▶ **Assignment**
Your output must reproduce all the records below precisely and contain no pictures.

[Stored entries]
════════════════════

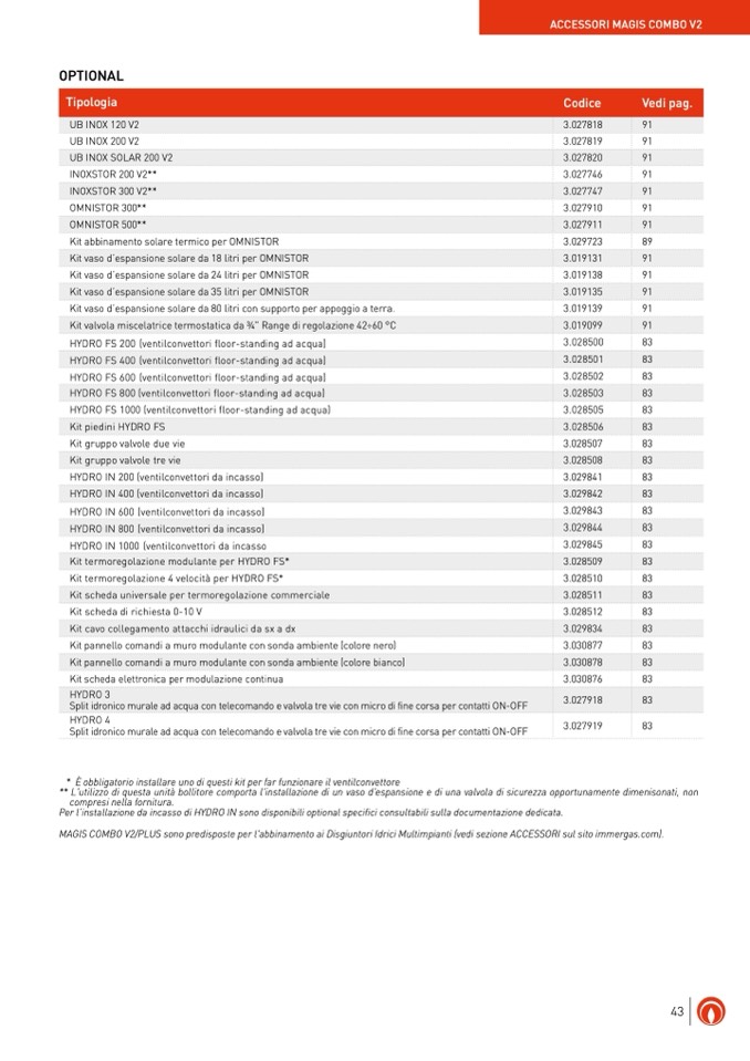 MAGIS COMBO V2/PLUS sono predisposte per l'abbinamento ai Disgiuntori Idrici Multimpianti (vedi sezione ACCESSORI sul sito immergas.com).
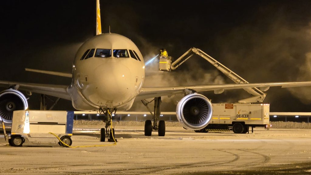 Door de winterse omstandigheden moet er ook extra werk worden verzet voordat vliegtuigen kunnen vertrekken. Zo moeten toestellen worden ge-de-iced. Dit ijsvrij maken is essentieel voor de veiligheid: ijsvorming kan de aerodynamische eigenschappen van het vliegtuig verstoren en losgekomen brokken ijs kunnen de motoren beschadigen.
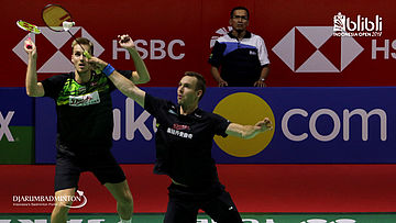 Mads Conrad-Petersen/Mads Pieler Kolding (DEN) menyambut pengembalian.
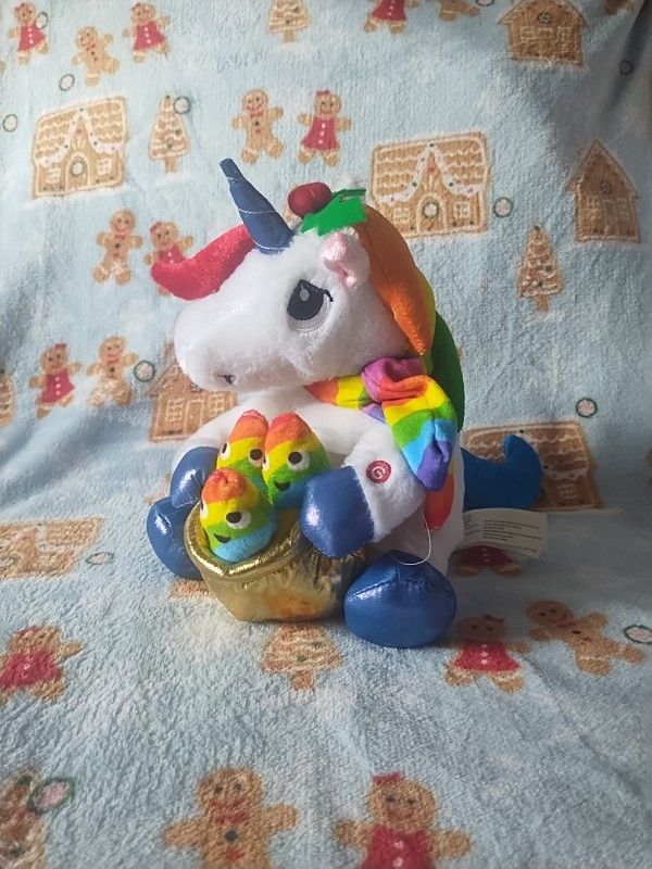 Rainbow Christmas unicorn that sings "Deck the Halls". For any age. Batteries are included. Any questions, feel free to ask!
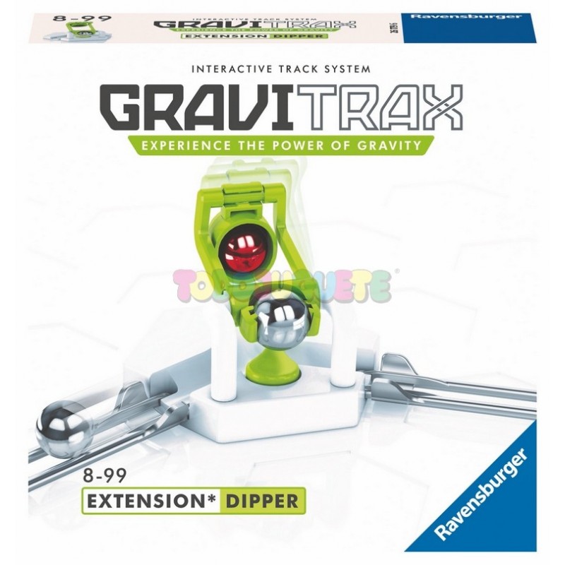 ¡Agrega el Gravitrax Dipper a tu pista y conecta diferentes niveles! El Dipper te permite dejar caer la canica de un nivel a otro. Usa esta extensión para crear una forma dinámica de moverte entre los diferentes niveles de tu pista y nunca perder la dirección correcta.
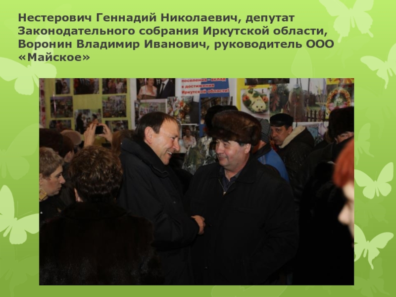 Слайд 38Нестерович Геннадий Николаевич, депутат Законодательного собрания Иркутской области, Воронин Владимир Иванович,
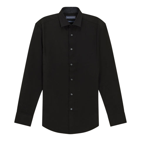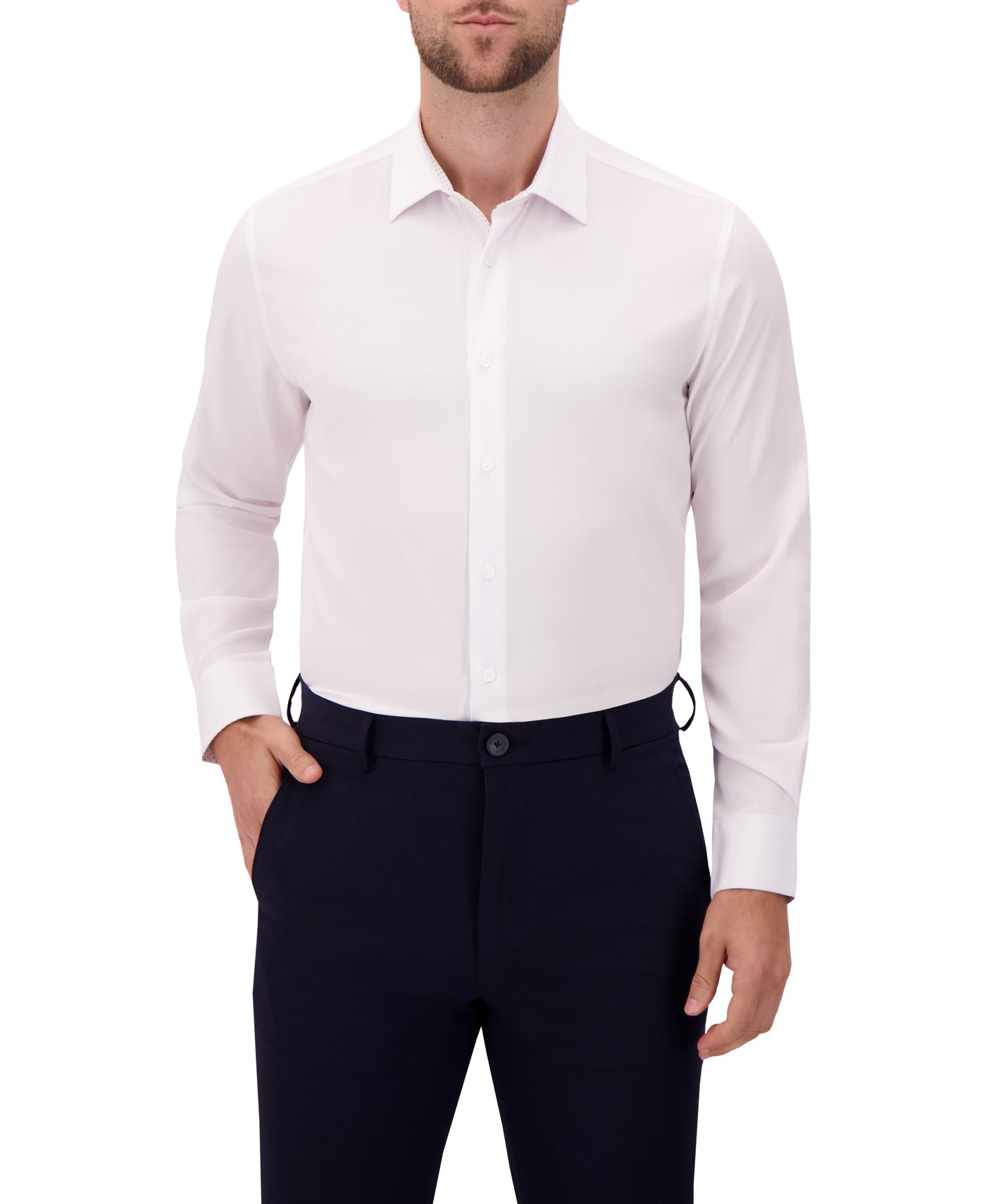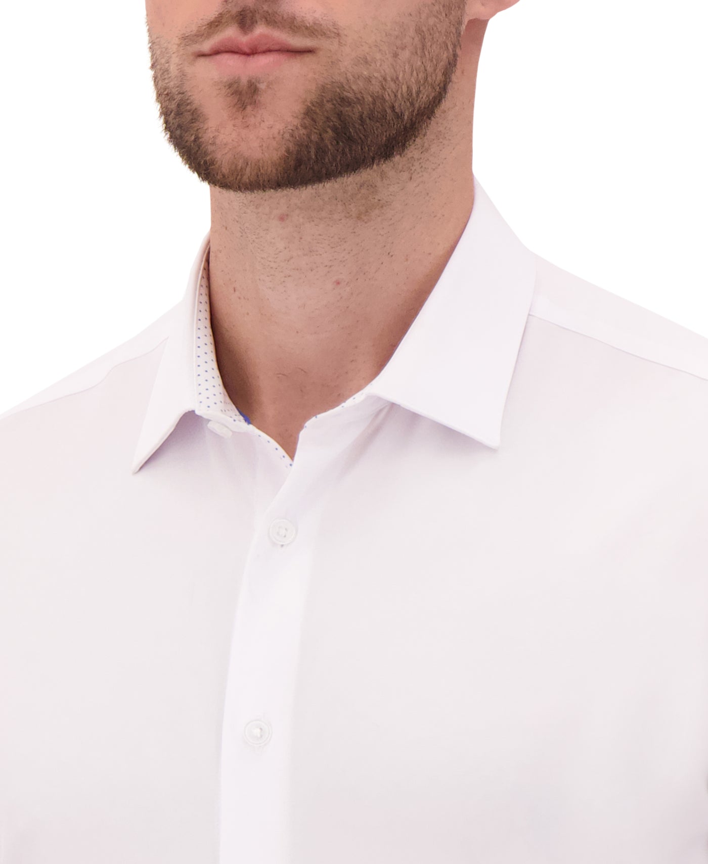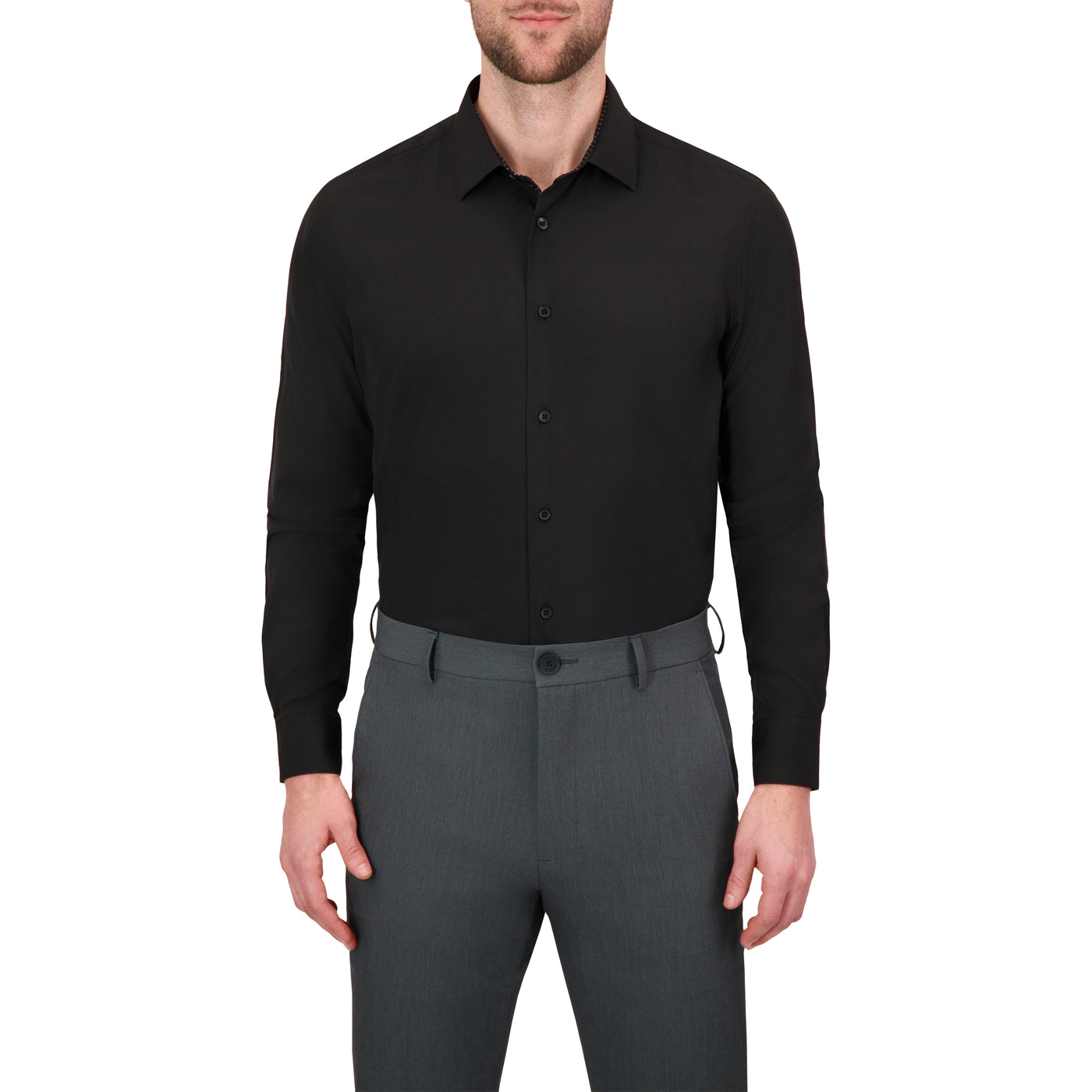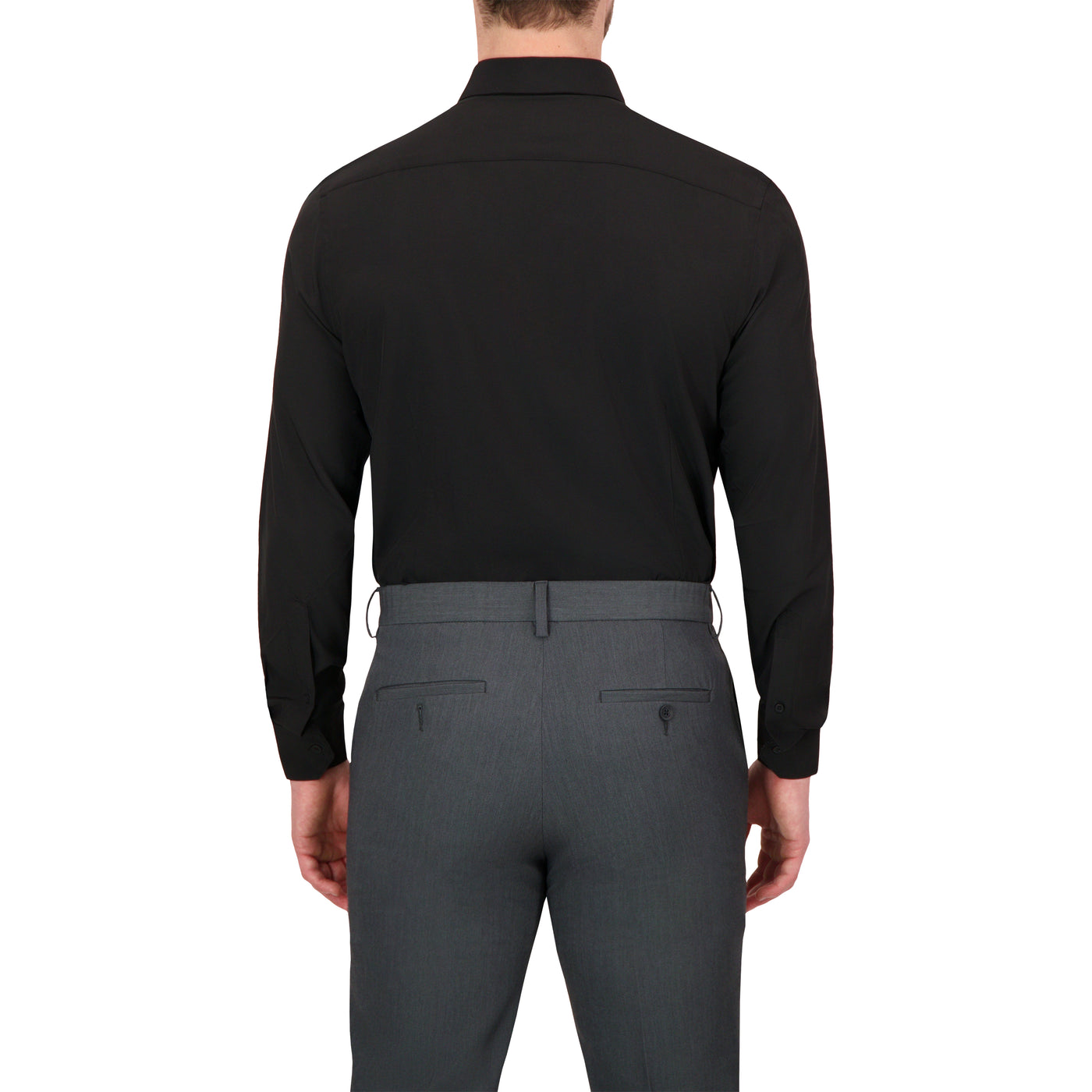 This men’s long sleeve dress shirt is crafted from a smooth solid woven fabric designed for flexibility, structure, and everyday wear. Featuring a pointed collar, long sleeves with buttoned cuffs, and a full button-front placket, it delivers a clean, polished appearance suitable for work or formal occasions. The 4-way stretch construction allows ease of movement while maintaining a sharp silhouette. Designed to be worn tucked or untucked, this shirt balances modern comfort with timeless style.
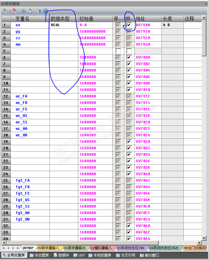 就是以前的符号表,必须选择【数据类型】,然后取消【绑定】那个勾,那么这个变量就变成了与地址无关的全局变量。

════════════════════

▶ **Task solution**
 MAGIS COMBO V2/PLUS sono predisposte per l'abbinamento ai Disgiuntori Idrici Multimpianti (vedi sezione ACCESSORI sul sito immergas.com).
 Door de winterse omstandigheden moet er ook extra werk worden verzet voordat vliegtuigen kunnen vertrekken. Zo moeten toestellen worden ge-de-iced. Dit ijsvrij maken is essentieel voor de veiligheid: ijsvorming kan de aerodynamische eigenschappen van het vliegtuig verstoren en losgekomen brokken ijs kunnen de motoren beschadigen.
 Mads Conrad-Petersen/Mads Pieler Kolding (DEN) menyambut pengembalian.
 Rainbow Christmas unicorn that sings "Deck the Halls". For any age. Batteries are included. Any questions, feel free to ask!
 ¡Agrega el Gravitrax Dipper a tu pista y conecta diferentes niveles! El Dipper te permite dejar caer la canica de un nivel a otro. Usa esta extensión para crear una forma dinámica de moverte entre los diferentes niveles de tu pista y nunca perder la dirección correcta.
 Слайд 38Нестерович Геннадий Николаевич, депутат Законодательного собрания Иркутской области, Воронин Владимир Иванович,
 This men’s long sleeve dress shirt is crafted from a smooth solid woven fabric designed for flexibility, structure, and everyday wear. Featuring a pointed collar, long sleeves with buttoned cuffs, and a full button-front placket, it delivers a clean, polished appearance suitable for work or formal occasions. The 4-way stretch construction allows ease of movement while maintaining a sharp silhouette. Designed to be worn tucked or untucked, this shirt balances modern comfort with timeless style.
 就是以前的符号表,必须选择【数据类型】,然后取消【绑定】那个勾,那么这个变量就变成了与地址无关的全局变量。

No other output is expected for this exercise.